Livestock Exchange Building sells for $8.5M

The east wing of the Livestock Exchange Building dates to 1916. (Photos courtesy of the National Western Center Authority)

Public agencies have been leading redevelopment of the National Western Center campus in north Denver.

But a pair of local real estate firms have found their way in, with plans to revitalize a century-old building that once served as a hub of the regional livestock industry.

On Monday, EXDO Development and Elevation Development Group, both based in Denver, purchased the former Livestock Exchange Building at 4701 N. Marion St. in conjunction with two nonprofit organizations, the Colorado Cattlemen’s Association and the National Western Center Authority.

The new owners, who made the purchase under the name LEB Alliance LLC, paid $8.5 million. They bought the building from the city, which purchased it in early 2019.

Julie Smith, spokeswoman for the city’s finance department, said Denver paid $11.5 million, but that the deal also included an additional acre of land that was not part of Monday’s deal.

An historic photo of the Livestock Exchange Building.

The Livestock Exchange Building is one of few remaining structures within the broader National Western campus that remains from the time that the Globeville and Elyria-Swansea neighborhoods were the epicenter of the region’s livestock industry.

Offices within the building served the financial, administrative and regulatory components of the industry. The nonprofit Denver Livestock Exchange oversaw livestock sales at the stockyards from its offices in the building from 1906 to 1962. A second-story hall still features a chalkboard where livestock prices were listed. The Colorado Brand Inspection Board was a tenant for more than a century, from 1906 to 2015.

Andrew Feinstein

A string of restaurants and bars also operated in the structure. One is still there, the Denver Stockyard Saloon. Its lease is unaffected by the sale.

The building consists of three wings. The central wing dates to 1898. The east wing, whose columns make it most visually notable, was added in 1916. The west wing, home to the saloon, was completed in 1919.

Andrew Feinstein, CEO of EXDO Development, estimated the wings add up to about 70,000 square feet.

The buyers said in a statement they plan to renovate the building for use as office and meeting space, targeting food and agriculture-related organizations that will mesh with the future of the surrounding area.

The National Western Center is primarily known as the home of the National Western Stock Show, the livestock show and festival held each January.
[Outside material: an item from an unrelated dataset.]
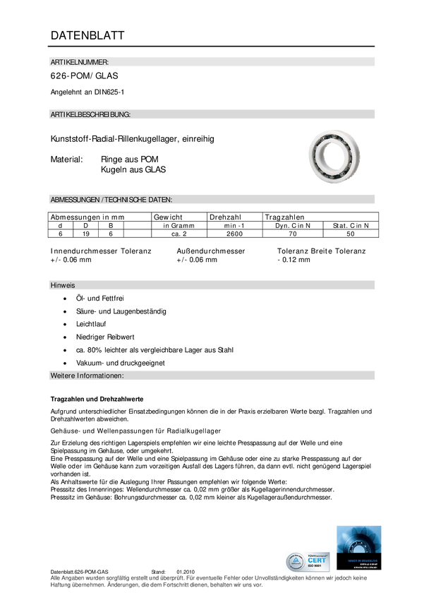 Łozysko kulkowe Reely 626 KU, Szerokość: 6 mm, 1 szt.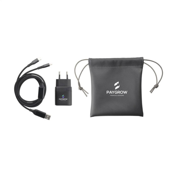 Oplaadset: Wandoplader van gerecycled PC. Met 2 Type-C poorten en een oplaadkabel. De kabel is gemaakt van gerecycled TPE, gerecycled PET en gerecycled aluminium alloy. Lengte kabel 120 cm. Ingang: Type-C en USB-A-connector. Uitgang: Type-C en Lightning. Per set in pouch van gerecycled PU. Ideaal als reisset. RCS-gecertificeerd. Totaal gerecycled materiaal: 45%. Per stuk verpakt.

But the complex is being redeveloped with the goal of becoming a year-round tourism, event, educational and agricultural center.

“I don’t think people understand the scale of what’s transpiring over at National Western,” Elevation co-founder Brent Farber told BusinessDen. “It’s huge.”

Brent Farber

Besides the building that sold Monday, the other properties within the National Western Center are owned by the city, stock show and Colorado State University, which is building a “spur campus” at the site.

The building hasn’t been sitting vacant. The quasi-governmental National Western Center Authority — which operates and promotes the broader complex — has had its offices in the east wing since May 2019. Contractor JE Dunn Construction, which is doing work nearby, has temporarily taken space as well.

Also moving in will be the second nonprofit involved in the purchase, the Colorado Cattlemen’s Association. The organization, which advocates on behalf of the state’s beef industry, was based out of the building for much of its history — including 41 straight years starting in the 1940s — and will be returning.

Feinstein, of EXDO, said the east wing is in “relatively good shape,” but the central wing “needs to be completely renovated.” He and Farber declined to discuss the anticipated costs.

Feinstein noted the building is in an Opportunity Zone, and fits into his firm’s “extended downtown” approach, which targets distressed opportunities on the outskirts of the city. And it offered a way into a broader redevelopment effort that Feinstein sees as “catalytic.”

On a more personal level, Feinstein said, his great grand-uncle Leon Hattenbach was once head of the local grocers union, and would take meetings in the building.

“I was really excited and enamored by the opportunity to take over that asset,” he said.

The property is also nearly two acres, including a large parking lot, which means there’s the potential for development. Farber said that will become more clear as the surrounding development gets completed.

“There are going to be uses that are necessary to be there … Whether it’s residential or hospitality, it’s a little too early to evaluate that,” he said.

EXDO and Elevation previously partnered on the development of RiNo office building The Hub, ultimately selling to Boston-based Beacon Capital Partners to do the actual construction. And they’re working together on plans to build housing and a grocery store on a block in RiNo. That project has yet to break ground, although the associated road work is beginning.

Editor’s Note: This story was updated after initial publication to include the price the city paid for the building and surrounding land in 2019.